Все прихожане поднимались с колен. Медленно, кряхтя, помогая друг другу. Вот это да! Клирос у нас тут открытый. Поем мы внизу, у всех на виду. И мой присест ради отдыха прихожане восприняли как руководство к действию. Как будто я Клановщик* на этой службе. Весь Храм опустился на колени! Регент ведь опустился – значит, положено! «Ксения! Что ты натворила?»
Почти дослужили Вечернюю службу до конца. Верочка проснулась и попросила:
– Мам, давай покушаем.
– Хорошо. Сейчас спою вот это и поведу тебя в ресторан, белый такой. Помнишь? Там еще вода все время льется в никуда и из ниоткуда.
– Да.
– Вот и договорились. Молись с нами и припевай, если хочешь.
Осталось прочитать первый час, и тогда – по домам. Вера решила постоять возле чтеца, примеряя на себя его служение. Я с певчими присела на освободившуюся скамейку. И вижу: из глубины Храма шагает в нашу сторону не кто иной, как моя милая старшая доченька Ниночка на сносях. Держит за руку своего первенца Вареньку.
– Вот это радость, – говорю я шепотом. Обнимаясь сразу с тремя. – Все хорошо? А ты не предупредила.
– Я, мам, звонила тебе, ты трубку не берешь. Позвонила Максиму, он сказал, что ты, Вера и Тихон встретитесь здесь на службе и потом поедете домой на «Ларгусе». Вот я и решила зайти, потому что Макарий сюда по делам приехал часа на два, а я соскучилась, – обнимает меня доча.
– Ты все правильно сделала. И стрижка твоя новая так к лицу тебе. А покрасила волосы зачем?
– Очень хотелось чего-то нового, необычного. Положительные эмоции сейчас это для меня!
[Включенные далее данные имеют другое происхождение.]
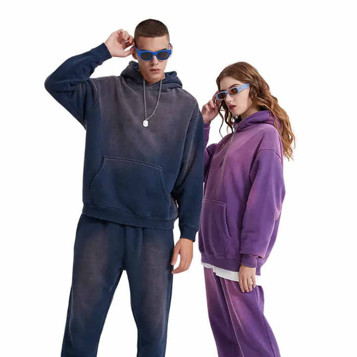 Nouvel arrivage 320GSM Survêtement deux pièces pur coton délavé à l'acide vêtements d'extérieur d'hiver à capuche personnalisables pour hommes Design solide personnalisé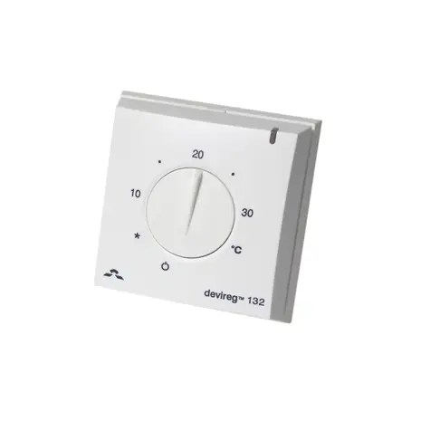 - DEVIreg™ 132 on elektrooniline termostaat, mis paigaldatakse otse seinale, varustatud ruumianduriga, millega juhitakse ruumitemperatuuri, ja täiendav põrandaandur, millega piiratakse maksimaalset põrandatemperatuuri.
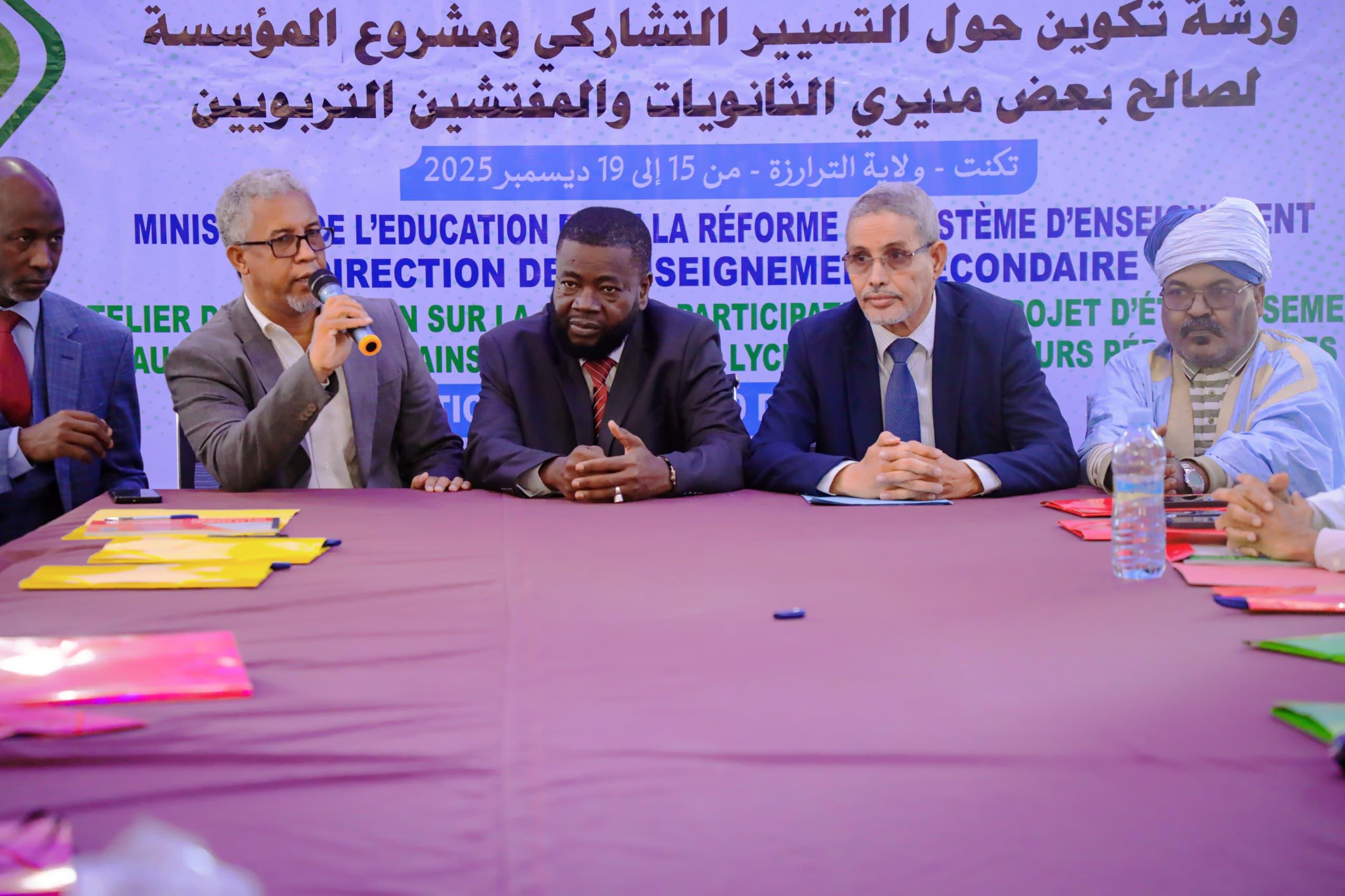 انطلقت امس الاثنين 15 ديسمبر 2025 بمدينة تكنت بولاية اترارزة أعمال ورشة تكوينية، تنظمها وزارة التربية وإصلاح النظام التعليمي، لصالح بعض مديري الثانويات والمفتشين التربويين حول "التسيير التشاركي ومشروع المؤسسة".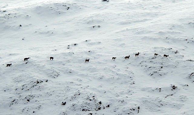 Erzincan'da Munzur Dağlarının karlı zirvelerinde dağ keçileri görüntülendi.Erzincan ile Tunceli arasındaki platoda 130 kilometre uzunlukta batıdan doğuya uzanan Munzur Dağlarında çok sayıda dağ keçisi görüntülendi. 3 bin 300 rakımlı Munzur Dağlarının karlı zirvesinde ve zaman zaman da bin rakımlı aşağı kısımlara inen çengel boynuzlu (şamua) ve dağ keçileri sürüler halinde görüntülendi. Dağ keçileri, karlar üzerinde bir süre gezinip gözden kayboldu.Avlanması yasak ve koruma altındaki tür olan dağ keçileri, Dünya Doğa Koruma Birliğinin (IUCN) yayımladığı Nesli Tükenme Tehlikesi Altında Olan Türlerin Kırmızı Listesi'nde bulunuyor.İstanbul'dan Erzincan'a gelen Suzan Ağgül, "Burası çok güzel. Yaban hayatı oldukça zengin. Dağ keçilerini izlemek keyifli oluyor" dedi.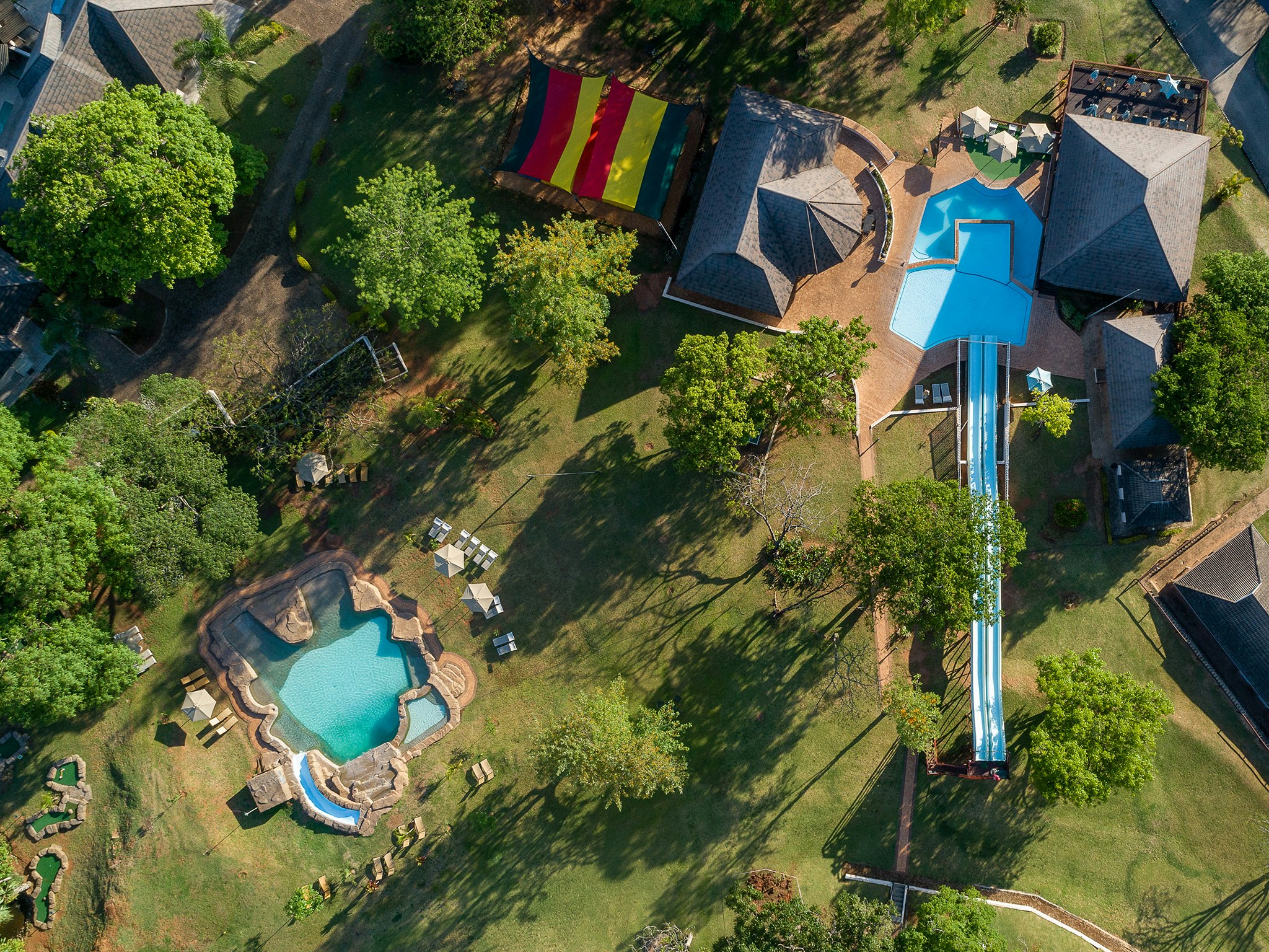 Highgrove House, located on a 64-hectare farm just 20 minutes from Kruger National Park, offers unique accommodation, gourmet cuisine, and a tranquil setting with stunning views of the Mpumalanga Lowveld valley.

На шум оглянулась Вера. Варвару-то она сразу узнала, а вот Нину… Бросив свой пост у чтеца, Вера медленно продвигается к нам, исподтишка вглядываясь в Нину. Цвет волос у Ниночки другой, красивая стрижка вместо обычного краба. Есть чему удивиться! Подошедши, смотрит на свою сестру старшую. Пальцами рук составляя невидимый кубик Рубика, пряча свои глаза в складках моего платья, младшая моя доченька выдает, обращаясь к старшей моей дочке:
– Извините, а вы Нина?
Беззвучный смех грозил нас с Ниной задушить. Вот что значит детская непосредственность. Подошла и прямо спросила.
– Какая молодец! – Я обнимаю и целую Веру. Нина ерошит ей волосы. А Варя вообще начинает танцевать.
– А давайте вместе споем «Взбранной», – предложила я…
Вечернее Богослужение окончилось. Прибрав Клиросное место, идем все вместе к выходу.
Дорогу нам преграждает милая такая бабушка. Опрятная, чистая. Правда, грызущая по какой-то причине свои ноготки на согнувшихся и поднесенных к губам пальчиках. Ей явно есть что сказать. Чутье меня не подвело. Поравнявшись с нею, мы слышим громкий голос:
– Ксюшечка. Можно мне вас так величать?
– Можно! – всем своим видом показываю ей свою усталость.
– Вы вот так пели сегодня красиво! Просто Божественно! Я по многим Церквям хожу молиться, но такое пение редко где слышу. – Женщина совершенно не собирается смущаться. По ней видно, что основное она скажет дальше.
– Благодарю вас за теплые слова. Помолитесь о нас, грешных. – Твердо взяла Веру за руку. Делаю шаг к выходным дверям.
– Подождите! – в беспокойстве останавливает она меня. – Подождите, я только вот хотела сказать, что на фоне вашего хорошего пения кто-то в хоре постоянно вам мешал. – Собеседница опять принялась грызть свои ноготки.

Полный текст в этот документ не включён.